From the second option, we are unsure how to allocate the compute instance among the number of data scientists in the team so that each one receives the same number of cores and RAM, ensuring that all have the same computational power. This is why we have decided to have one small compute instance for each data scientist in the team, but we are not certain which are the best practices in this situation.

Therefore, we would appreciate your recommendation on which of these two options is most suitable. Perhaps there are alternative solutions that we have overlooked.

Thank you in advance for your time team!

radothede · ‎08-05-2025

Hello @juanjomendez96 ,

to my best knowledge and experience autoscaled shared cluster (using smaller instances) works good for most 2nd-case scenario (clusters for ad-hoc/development team usage).

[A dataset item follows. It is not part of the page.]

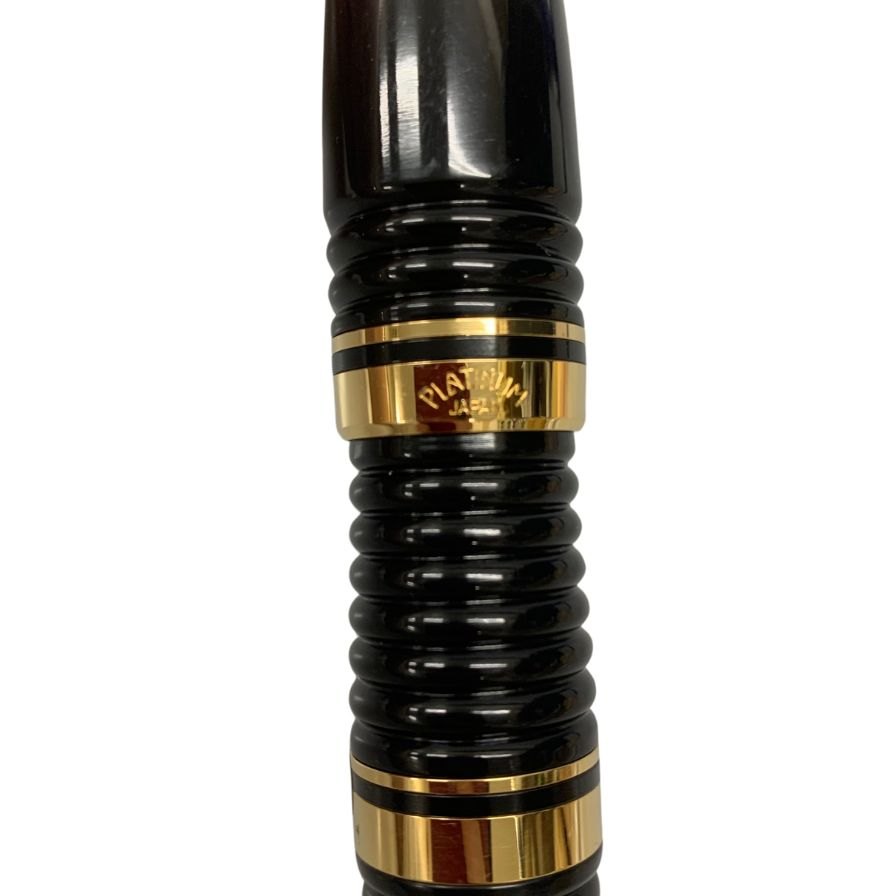 美品◆プラチナ 万年筆 ギャザード グラマ ペン先 medium ブラック×ゴールド PLATINUM【AFI18】

This approach allows You to reuse the resources across team members. Autoscale will spin up additional resources if needed, and deallocate them when the workload drops. This approach will ensure you are cost efficient (reusing the same resources, no spin-up time for each personal cluster) and flexible with small to medium workloads.

On the other hand, there are some drowbacks and limitations as resource contention (heavy workloads of one team member can "consume" compute power of shared cluster, impacting other team members workloads), autoscailing latency (cold stard of new nodes), less predictable runtime performance compared to a fixed-size cluster.

Best,

Radek.

View solution in original post

radothede · ‎08-05-2025

Hello @juanjomendez96 ,

to my best knowledge and experience autoscaled shared cluster (using smaller instances) works good for most 2nd-case scenario (clusters for ad-hoc/development team usage).

This approach allows You to reuse the resources across team members. Autoscale will spin up additional resources if needed, and deallocate them when the workload drops. This approach will ensure you are cost efficient (reusing the same resources, no spin-up time for each personal cluster) and flexible with small to medium workloads.

On the other hand, there are some drowbacks and limitations as resource contention (heavy workloads of one team member can "consume" compute power of shared cluster, impacting other team members workloads), autoscailing latency (cold stard of new nodes), less predictable runtime performance compared to a fixed-size cluster.

Best,

Radek.

juanjomendez96 · ‎08-05-2025

Hello @radothede ,

First of all, thanks for the fast response, I really appreciate it.

Secondly, what you explained makes a lot of sense. We did not see the option of autoscaling, thanks for this heads up.

I will talk with the team and see how we can manage this.

Thanks a lot!

Databricks Community

Best practices for compute usage

Join Us as a Local Community Builder!

Join us for another BrickTalk: Vibe-Coding Databricks Apps in Replit with Augusto!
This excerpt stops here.